I get the implication. Let's think this through.
Do we need an FDA in the first place? If we didn't have a government regulator ensuring that food and drugs are actually produced safely and not contaminated with whatever your worst fear is, would that be ok? Would the free market handle it? I say yes we need an FDA. Every time you hear about mass salmonella poisoning or E. coli contaminated lettuce, or the latest drug recall because there's a carcinogen in your heart meds, it was the FDA inspections that found it.
If we need such an agency, how do you pay for it? Keep in mind that staff with MDs or PhDs are really expensive. Prior to 1992 and the PDUFA, the FDA was chronically underfunded and understaffed. New drug applications piled up and it would be months if not years before someone actually looked at them. Now imagine your grandparent is dying of cancer, but the treatment isn't coming because some overworked, underpaid bureaucrat isn't going to hustle one iota to get through that never-ending mountain of paperwork on his desk. Keep in mind that the US medical industry is responsible for something like 60% of new drugs and medical devices worldwide. Go back to the old method of funding and the whole world suffers as that innovation pipeline dries up.
So, what's the solution? A good conservative one of course. You tell the guy who wants to use the services that he has to pay for them. You want to use the roads, pay the gas tax. You want to use the rivers to fish in, pay for a license to keep those forestry service guys employed. You want to develop the next Lipitor? Pay the FDA to process that 2,000 page mountain of data you just submitted. The $2 million user fee is chump change to any company that can fund a $10+ million phase 3 clinical trial. And it works. FDA processes 10x what it used to and in less time. We get more innovation as a result. That's a good thing.
Doesn't that lead to regulatory capture like the nice blog-writer said? Not necessarily. Corruption happens as a result of bad employees, not bad customers. Try going to your local Wal-Mart, head to the customer service counter and demand they change their policy to this or that to make it more to your liking. If the employees at your local store are anything like the ones where I'm at, well, good luck. No, you need corrupt employees in the C-suite or upper level management to pull that kind of thing off. Same in government. Regulatory capture happens because the people getting leadership jobs at FDA are all former pharma execs. That's the problem that has to change, not the funding system that simply asks the ones using the gov't services to foot the bill for them.
The solution today is a house cleaning. The decision-makers at FDA, anyone with direct or indirect decision-making authority needs to be fired and replaced. Make all hiring decisions non-political. No political appointees. Period. Food and drug safety is apolitical. Management experience is fine, but not from a pharma company. Pharma experience is fine, but not in management. Get an actual pharmacist, medicinal chemist, some talented research scientists, people with industry experience, and a promising entrepreneurial MBA on the leadership team. And rotate those positions regularly. Say, you get a term of 5 years, may renew one time for a total of 10 years, then you move on with your career to greener pastures. Hire who you need to get the job done. Pharma will pay for it. They don't have a choice.
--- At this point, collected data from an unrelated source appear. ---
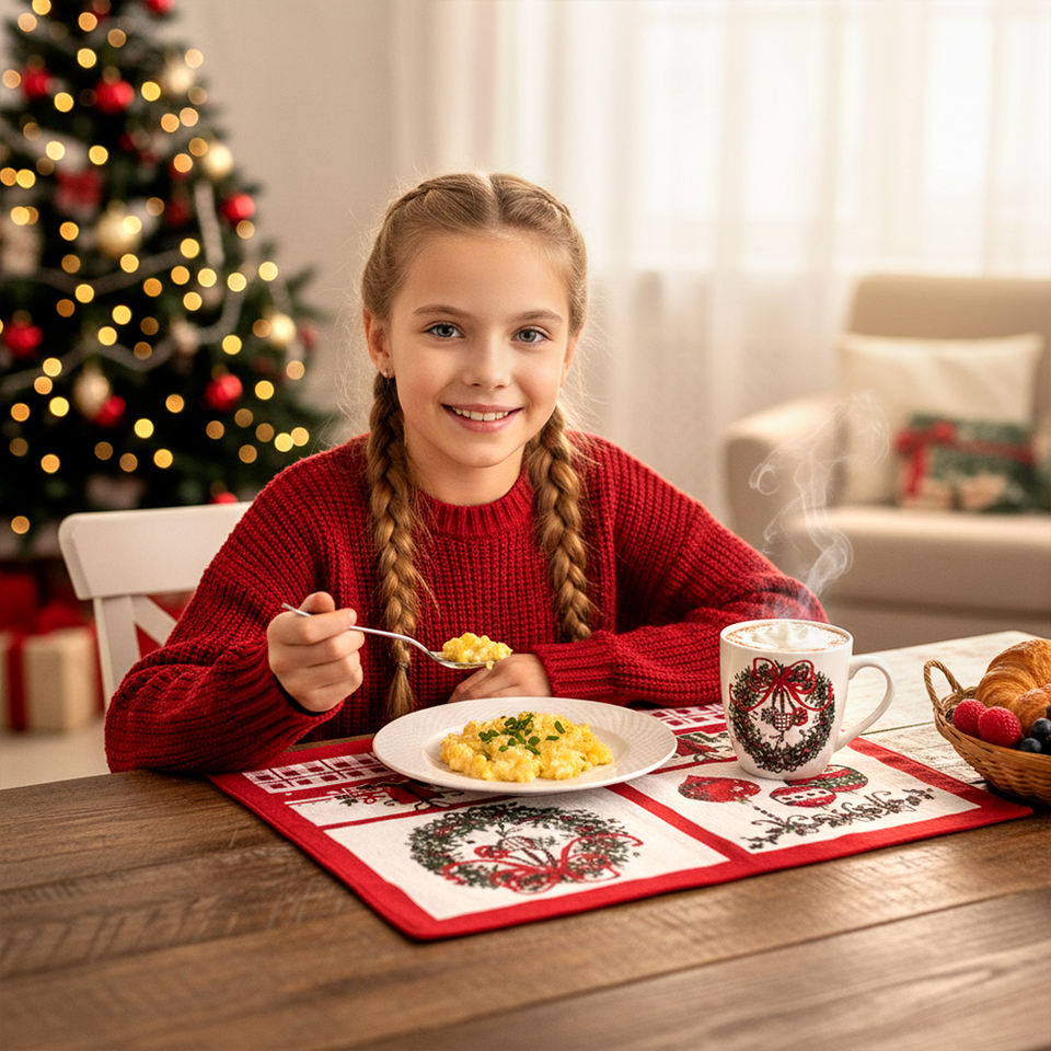 แผ่นรองจานอาหารสำหรับครอบครัวสไตล์ใหม่ของตกแต่งคริสต์มาสของขวัญเทศกาลคริสต์มาสโต๊ะโพลีโพรพิลีนบางพิมพ์ลายล้างทำความสะอาดได้หรูหรา
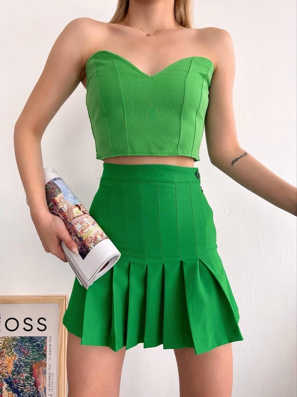 Açık yeşil rengi ile doğanın tazeliğini yansıtan bu etek, her mevsim kolaylıkla kombinlenebilir özelliğiyle dikkat çekiyor.
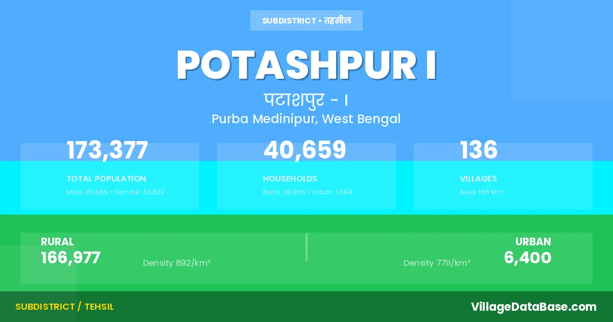 According to the 2011 census The total area of Potashpur I Subdivision is 188 km², with a population of 173377 people. The population density is 923 inhabitants per square kilometre, and there are approximately 40659 houses in the sub district.
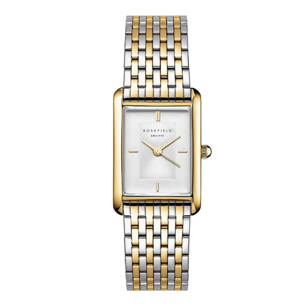 Deze stoere dameshorloge van Rosefield heeft een stijlvolle bicolor band. Het horloge heeft een diameter van 23,5 x 30,6 en heeft een zilverkleurige wijzerplaat. Het horloge is waterdicht tot 3 atm.

Good points, but this ignores the U.S. Constitution. There is nothing in the Constitution about regulating drugs or food, and such an idea is not even in the spirit of the Constitution. And don't forget the 10th amendment, which a MAGA congress will no doubt bring back to life.
Anything needing to be done by a government that is not in the U.S. Constitution needs to be done by the state. It would be messier in some ways, but better because of its messiness. It would be way harder to corrupt 50 governments than corrupting one government.
In general, all health stuff needs to be shut down at the federal level, since it's unconstitutional AND gets crooked as shit, and needs to be handled by state health departments carefully monitored by the public. Also, ignoring real causes of health problems needs to end.
I like the idea of it but if there’s 50 fda does that mean the drug conpany needs their drugs approved 50 times?
Yeah - no thanks. Using the example, 50 states (not including the territories) x $2M is now $100M+. All drug prices go up, and it will take even longer - both for waiting for 50+ state approvals, and the drug company submitting 50+ likely different approval packages to the 50+ states/territories.
The FDA needs to be funded by the approval requests and be a quasi-govt agency like the USPS. No federal money would be my preference, but I could also live with a strict limit (enough to fund building maint and electricity) and mandatory raises in approval charges on the pharma company.
I'd still prefer if it was just the "FA" without the drug part though.
The larger issue seems to be how do you prevent corruption from taking place? It almost seems impossible either way whether funding comes from govt or big corps. It will rot eventually.
Yeah I agree, but don't know how to fix that. We (Americans) need to reexamine all of this kind of stuff once everything is over. A ton of stuff is not in the constitution, but some amount of that stuff is certainly required for health and safety, or perhaps national security.
We have to figure out how to eliminate the illegal stuff, fund the necessary stuff, and somehow legislate it to the point it can't be corrupted.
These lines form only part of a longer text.